Poverty: A Study of Town Life
- Author: B. Seebohm Rowntree
- Genre: Sociology
- Publisher: Macmillan and Co.
- Publication date: 1901
- Media type: Print (hardback and paperback)
- Pages: 437
- ISBN: 1-86134-202-0
- OCLC: 318236487

= Poverty, A Study of Town Life =

1901 book by Seebohm Rowntree

Poverty, A Study of Town Life is the first book by Seebohm Rowntree, a sociological researcher, social reformer and industrialist, published in 1901. The study, widely considered a seminal work of sociology, details Rowntree's investigation of poverty in York, England and the subsequent implications that arise from the findings, in regard to the nature of poverty at the start of the twentieth century. It also marks the first usage of a poverty line in sociological research.

==Findings==

Rowntree and his assistants conducted the study on over two-thirds of the population of York; around 46,000 people, excluding those individuals who were able to afford to employ a domestic servant. Of the 46,000 people surveyed, the study revealed that 20,000 were living in poverty; defined by falling below a calculated minimum weekly sum of money 'necessary to enable families to secure the necessities of a healthy life'. 28% of York's population were living in the most serious poverty (or absolute poverty), unable to acquire even basic necessities such as food, fuel and clothing. There were discovered to be two chief reasons for such poverty. Firstly, in 25% of the cases, individuals or families were impoverished as a result of an absolute lack of income, on account of the chief wage-earner being either dead, disabled or otherwise unable to work. However, in around 50% of cases, the chief wage-earner was employed in regular work, but paid mere pittance, unable to sustain a healthy level of living. In the remainder of the cases, income was satisfactory to purchase necessities, but the spending of it was often "unwise", or simply unnecessary. Importantly, the study revealed that poverty in Britain was widespread, and not simply confined to the sprawling urban metropolis of London.

==Influence==
Rowntree's findings proved instrumental in changing public perception of the causes of poverty, and are widely regarded as a significant catalyst in the emergence of the New Liberalism movement, as well as the subsequent Liberal welfare reforms from 1906 to 1914, providing the foundation for the modern-day Welfare State.

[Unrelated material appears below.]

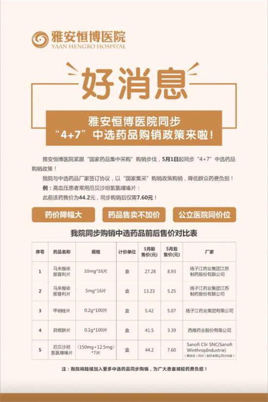 四川新闻网雅安5月7日讯 日前,本网从雅安恒博医院了解到,今年5月1日起,雅安恒博医院上线医保“4+7”集采药品,这意味着广大患者即日起可在雅安恒博医院购买到国家集中采购的部分中选药品。 笔者从雅安恒博医院的药品采购处获悉,雅安恒博医院作为民营企业,积极跟进国家药品集中采购的惠民政策,虽未加入到国家集采项目组织中,但为了给广大患者减轻用药负担,雅安恒博医院同“4+7”中选药品厂商签订协议,以“国家集中药品采购”的购销政策进行购销,实现中选药品“药价降幅大,售卖不加价,公立医院同价”,为医院患者切实减轻药费负担。 1日早上9点,患高血压10余年的王大爷照常到内科门诊开药。处方中的药物还跟以前一样,价格却少了很多。原价格为27.28元/盒(10mg*16片/盒)的马来酸依那普利片,今天的处方上显示为8.93元/盒(10mg*16片/盒)。

The publication had particular influence on the leading liberal and future prime minister, David Lloyd George, primarily as a result of Rowntree's tireless lecture tour across the country, and the media frenzy that surrounded its publication. Another future Prime Minister, Winston Churchill (who famously "crossed the floor" in the House of Commons and sit as Liberal Party member in 1903) was equally influenced by the study. When addressing an audience in Blackpool in 1902, he stated that Rowntree's book had "fairly made [his] hair stand on end", going on to call the revelations of the study in regard to poverty, a "terrible and shocking thing", and subsequently expressing sympathy with "people who have only the workhouse or prison as avenues to change from their present situation."

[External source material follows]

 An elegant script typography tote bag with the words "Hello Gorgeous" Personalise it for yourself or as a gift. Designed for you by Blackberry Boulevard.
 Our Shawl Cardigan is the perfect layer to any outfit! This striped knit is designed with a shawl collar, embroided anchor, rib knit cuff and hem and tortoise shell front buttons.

To many politicians, such as Churchill, rather than simply highlighting the plight of the poor, Rowntree's study prompted further evidence for the necessity to improve National Efficiency; an issue of great contemporary concern for government, fuelling fears in relation to the perceived decline of the British Empire as a world power, at least in relation to other major powers, namely the growing military might of Germany. In addition to this, Churchill concluded from Rowntree's findings that it was quite evident "that the American labourer is a stronger, larger, healthier, better fed, and consequently more efficient animal than a large proportion of our population, and this is surely a fact which our unbridled Imperialists, who have no thought but to pile up armaments, taxation and territory, should not lose sight of." Furthermore, he wrote: "For my own part, I see little glory in an Empire which can rule the waves and is unable to flush its sewers." Contextually, the study was published in 1901 amidst furore over the ongoing Second Boer War, in which Britain, an Imperial power, was seemingly unable to defeat a "far-inferior" Boer force of Calvinistic farmers. During the war, the authorities encountered immense difficulty in actually finding men to fight One in three potential recruits were refused on medical grounds.

==Criticism==

The publication received some amount of contemporary criticism, predominantly from groups such as the Charity Organisation Society who advocated the principles of self-help and limited government intervention in regard to poverty; which fundamentally indicated that the poor were poor of their own accord. These beliefs, of course, ran counter to the revelations of Rowntree's study, which discovered quite the opposite to be the case. Helen Bosanquet, one of the founders of the Charity Organisation Society, and wife of Bernard Bosanquet, expressed scepticism about the accuracy of the findings, explaining that Rowntree's poverty line represented "no statistical evidence at all", being "merely a summary of impressions." Similarly, Charles Loch, the COS secretary, was particularly scathing, citing the content of the study as "generalisations cloaked in numerical phraseology".